Adventures in talking to the QSPI flash

I am getting closer to being able to communicate with the QSPI flash, so that we can have the MEGA65 update its own bitstreams in the field. To recap the current situation:

1. Most of the signals to the flash are easy to connect to with the QSPI flash, except the clock, which is normally driven by the FPGA's configuration logic.

2. The FPGA has a facility, the STARTUPE2 component, that allows the running bitstream to take control of this signal.

3. I have managed to achieve (2) in a test bitstream, as confirmed by my new JTAG boundary scan setup.

4. But I haven't got it working for a real bitstream.

To get to this point, from the last blog post, I discovered that the STARTUPE2 component *must* be in the top level of a design.

The question is now why in the real bitstream, it still isn't working, even though I have moved it to the top level.

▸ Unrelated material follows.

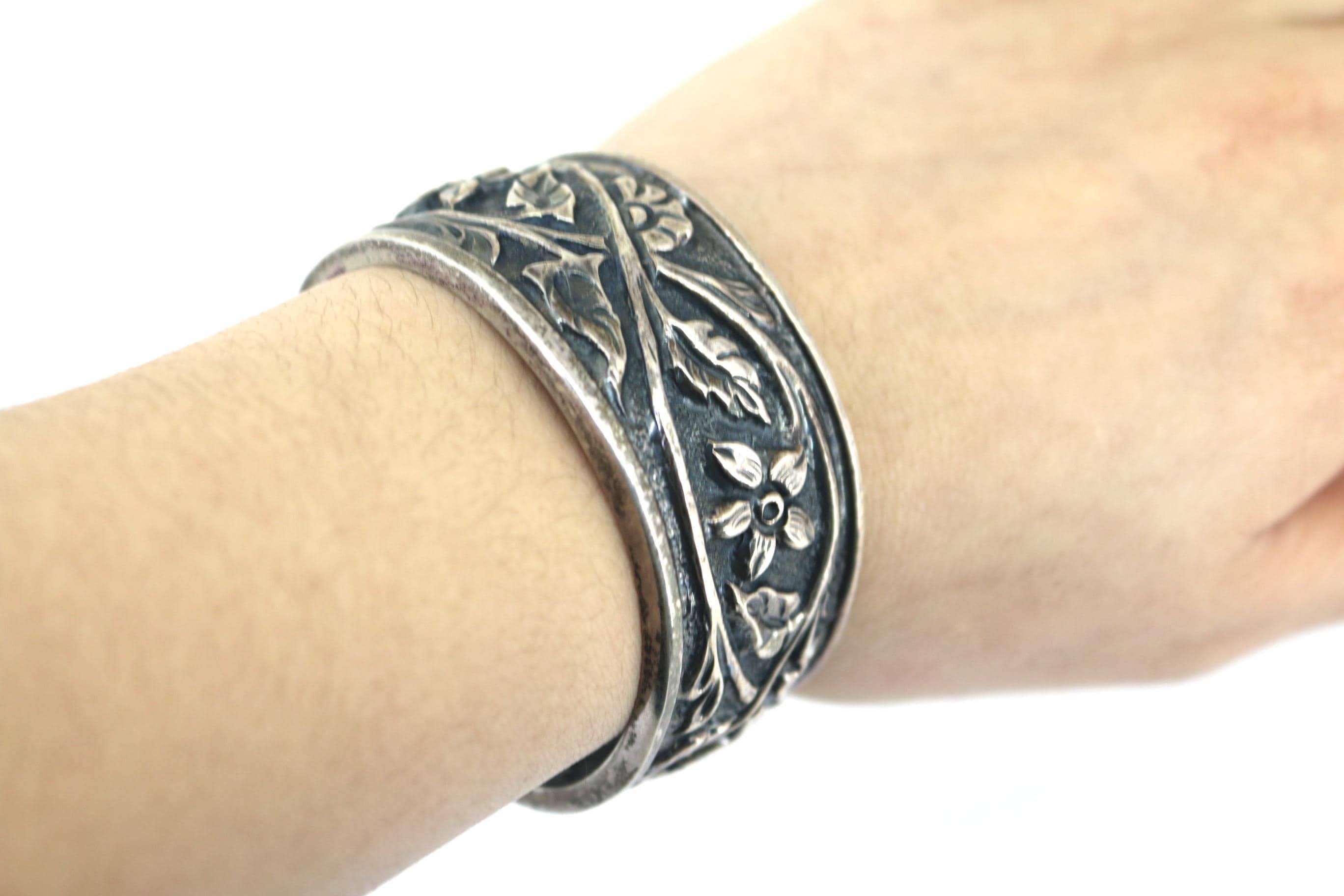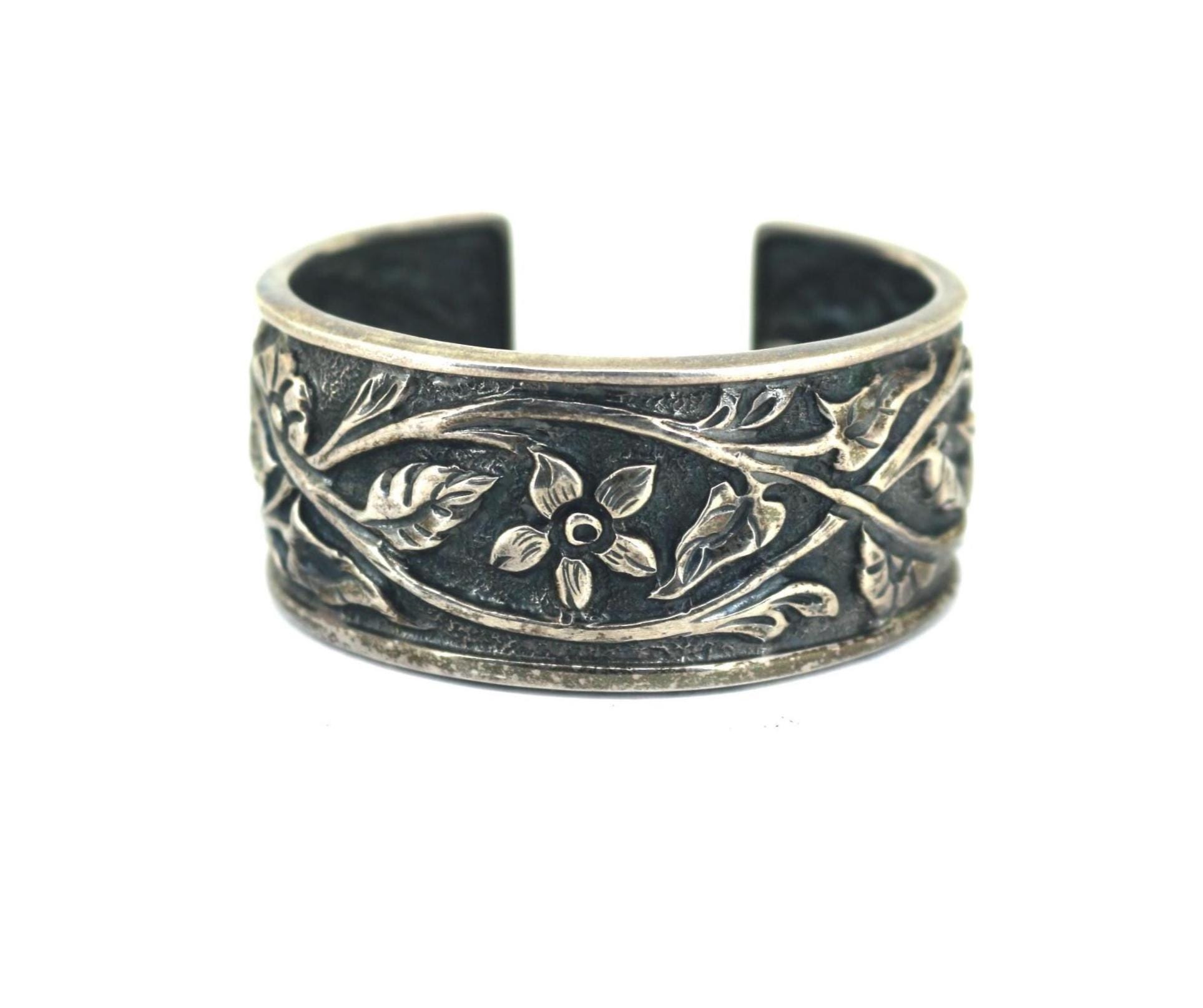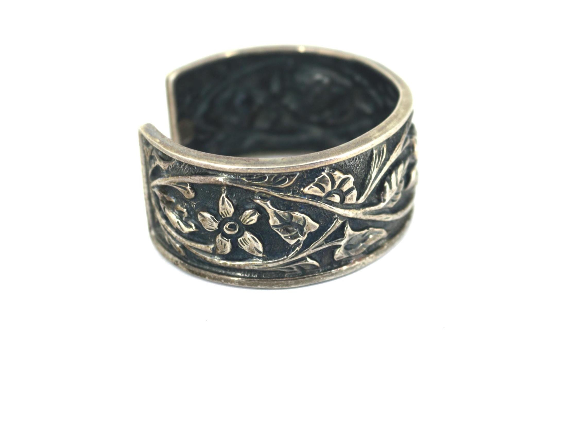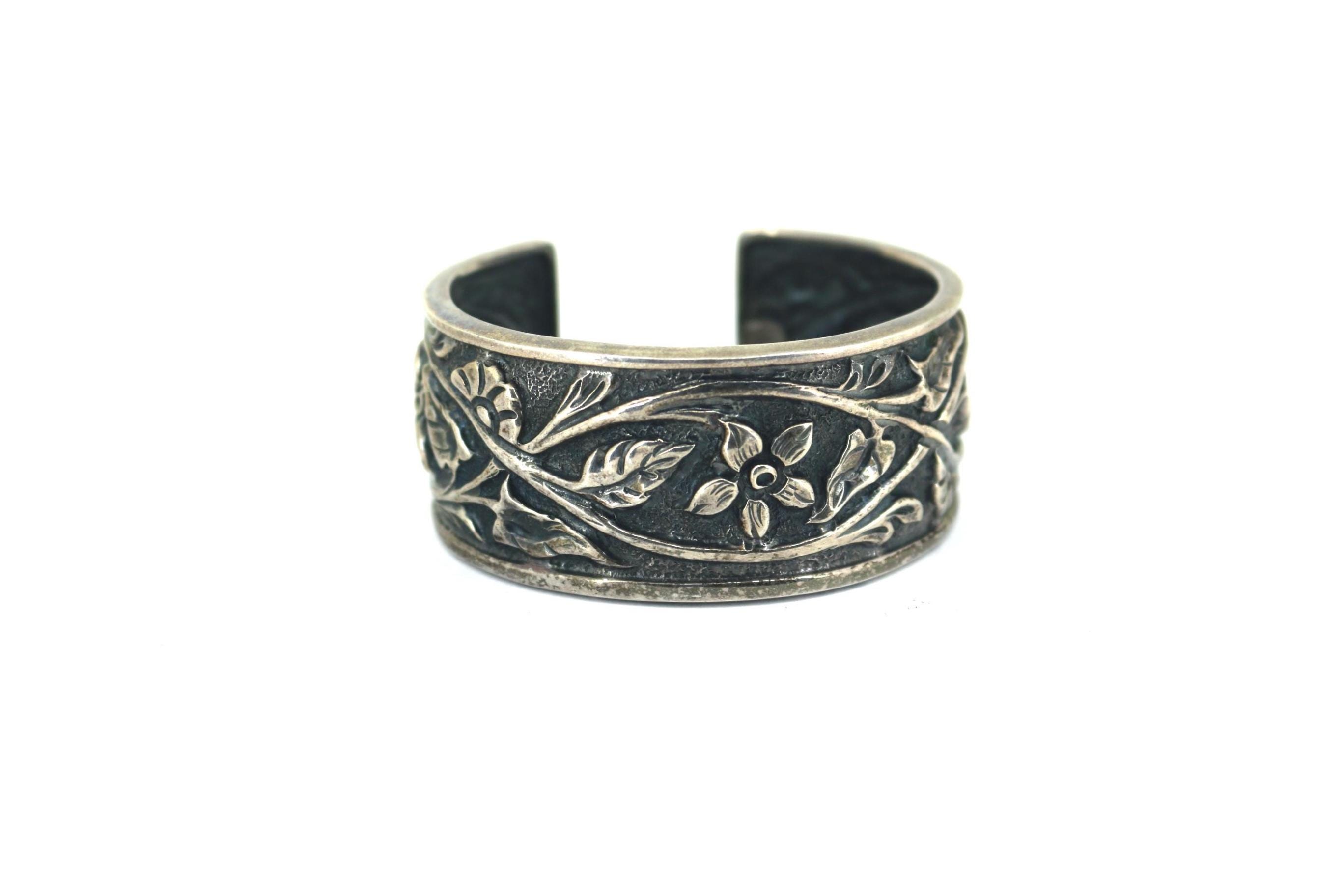 Vintage Silpada Floral Cuff Bracelet Etched Flowers BR 227

Basically it works in the pixeltext test target, that lacks a M65 computer, but not in the nexys4ddr-widget target. More weird, when I removed the M65 computer component out of this second target, it still isn't working.

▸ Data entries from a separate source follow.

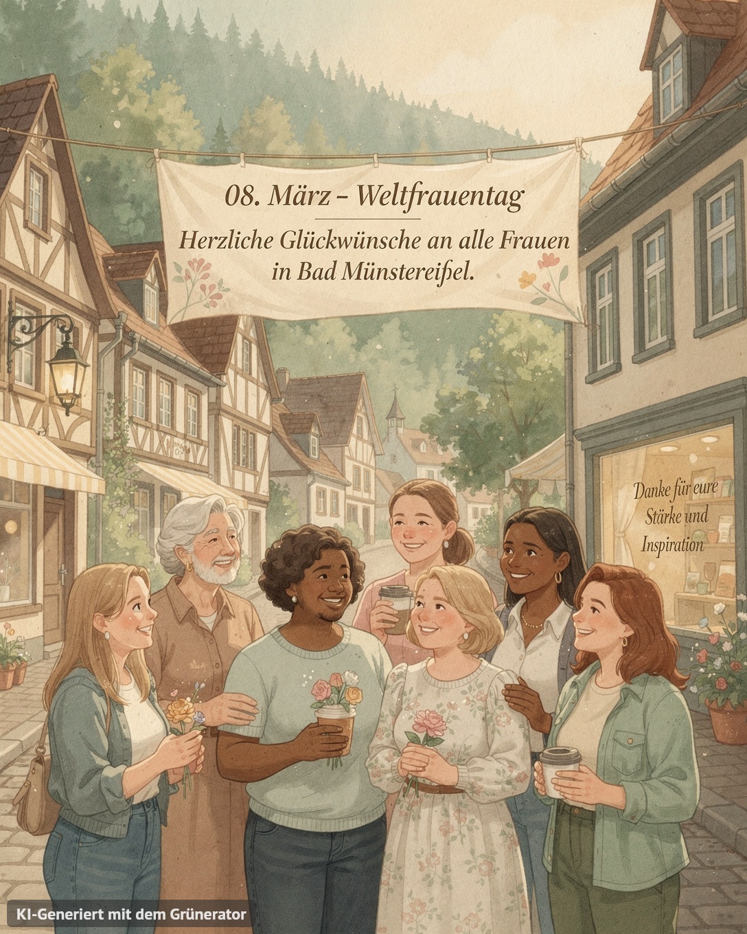 Der Weltfrauentag steht seit über einem Jahrhundert für den Kampf um Gleichberechtigung, Selbstbestimmung und die Anerkennung weiblicher Leistungen. Auch in Bad Münstereifel leisten Frauen täglich einen unverzichtbaren Beitrag – sei es in der Kindererziehung, der Pflege von Angehörigen, im Berufsleben oder in ehrenamtlichen und politischen Funktionen. Ihr Engagement ist das Fundament unserer Gesellschaft. Ohne den Einsatz von Frauen wäre unser Zusammenleben ärmer, weniger vielfältig und weniger gerecht.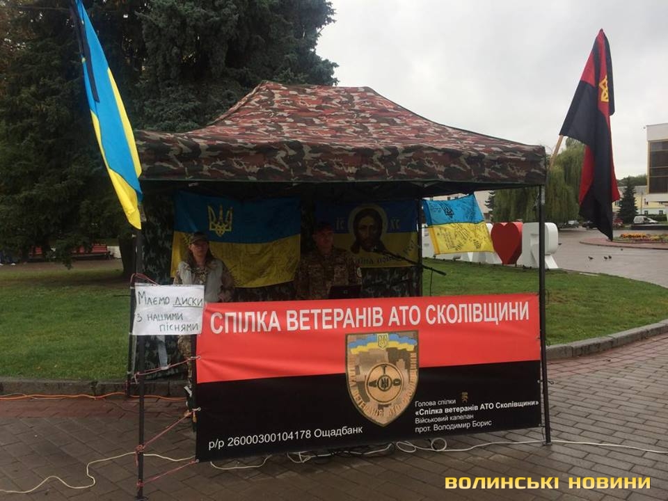 Так, декілька днів поспіль у центрі Луцька стоїть палатка, з якої гучно лунають українські пісні. Окрім того, на палатці вивісили плакат з написом «Спілка ветеранів АТО Сколівщини». Тож, Інформаційне агентство Волинські Новини вирішило поцікавитися метою їхнього перебування у Луцьку.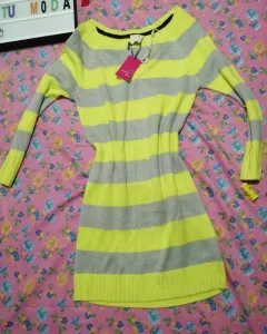 Hermoso suéter tejido, corte largo ideal para usar en temporada de fido con mallas

This makes me suspect that there might be some kind of target setup in the Vivado project that is to blame. There is a "persist" flag that can be used, which causes the configuration clock to remain active on the QSPI clock pin. That could be the problem -- but then I would still be expecting to see the line waggle, which it doesn't seem to.

However, digging further, I did managed to control the line with the M65 computer component taken out of the real bitstream. Now trying to put it back in, but with a dedicated 1Hz clock on the pin, so that I can eliminate internal problems in the plumbing of the line to the register I had it hooked up to. Basically I can keep pushing the connection deeper down into the design, until it is in the component where I was controlling it.

Ok, so with the full machine core, and the 1Hz clock in the outer layer, I can control the clock line. Next step is from in the sdcardio.vhdl file where it gets connected to, to see if I can toggle it there under automatic control. If that works, then I must have some subtle bug in the register plumbing. If not, then the plumbing problem must be between sdcardio.vhdl and the outer layer of the design. Either way, I will be able to considerably narrow down where the problem can be hiding.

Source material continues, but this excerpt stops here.